こんにちは。龍宮の亀です。先日は唐突なお話ですみませんでした。荻原さんを龍宮にお誘いした根拠は、じつはこのブログでした。前に『風雅集』や『千載集』の歌について書いてあるのを見て、すごくフラットなテンションで古典に入られるなと思いました。歌人伝や作品伝からじゃなく、そこから来る自己投影や思い入れでもなく、普通に言葉から入って作品として読むかんじでした。歌のセレクトも絶妙で、有名な歌でもわかりやすい歌でもなく、コメントも極めて感覚的、そういうことができる方をあまり知らなかったので…。それにやっぱりいま必要な視角かと思います。近代化の論理を真に受けすぎると閉塞しそうで…。
 このブログ読んでいます。どの話題も独自の感覚で切り分けてあるのに、少しもわかりやすくしないところがすごいですね。

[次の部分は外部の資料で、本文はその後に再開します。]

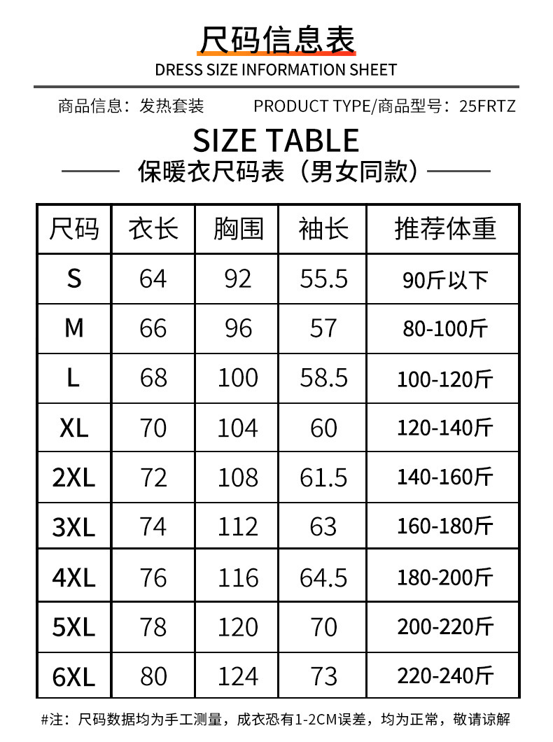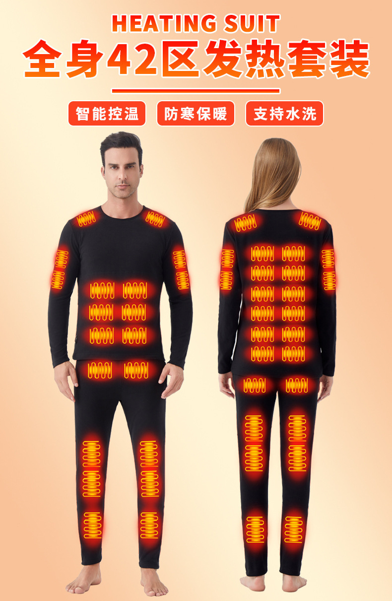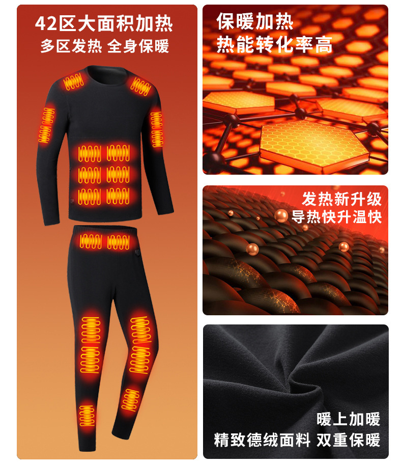 冬季42区发热保暖套装加厚加热内衣保暖裤男女大码内衣套装衣服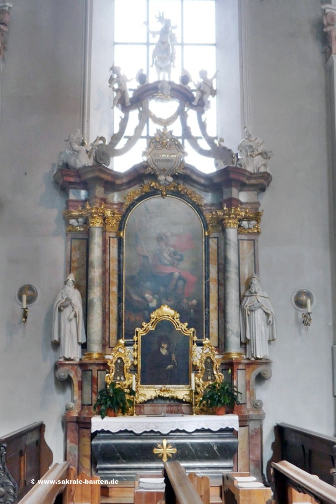 Das Altarbild zeigt den römischen Soldaten in voller Rüstung, wie er nach seinem Märtyrertod in den Himmel aufgenommen wird;
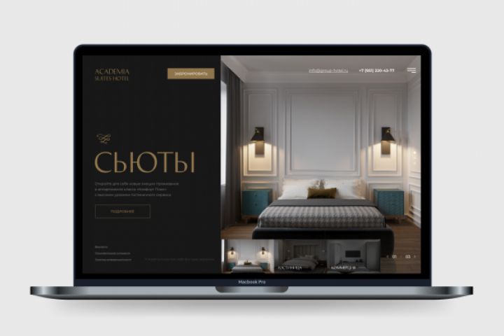 Минималистичный дизайн сайт High Luxe апартаментов «Academia Suites Hotel».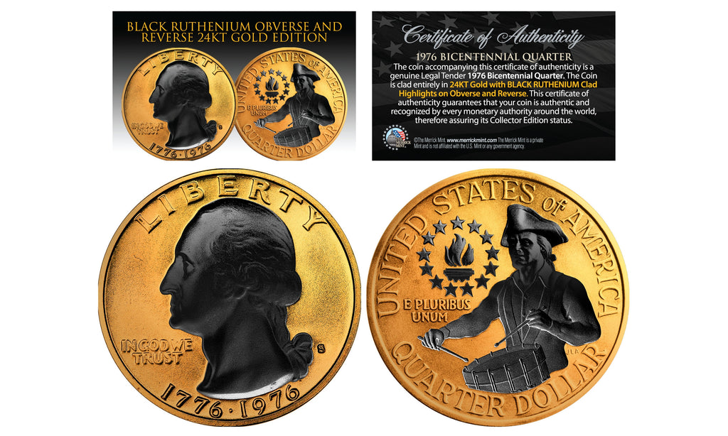 Here is your chance to own a genuine legal tender 1976 Bicentennial Quarter. The coin is coated fully in genuine 24KT Gold with Black Ruthenium Highlights. Black Ruthenium is a type of platinum metal that looks like a dark platinum, but is 100 times Rarer. Ruthenium is a chemical element with the symbol RU & Atomic # 44. It is a rare transition metal belonging to the platinum group of the periodic table.

Posted by: 佐藤晶 | February 27, 2011 at 10:04 PM

>佐藤晶さん

コメントありがとうございました。
古典へのあのような気ままな言及を
専門家に読まれていたとは冷汗が出ます。
決して古典を避けているわけではないし、
現在の短歌を考えるヒントになることも多いし、
折を見て少しずつ何か書いてみようと思います。
誤りがあるときはご指摘いただければ幸いです。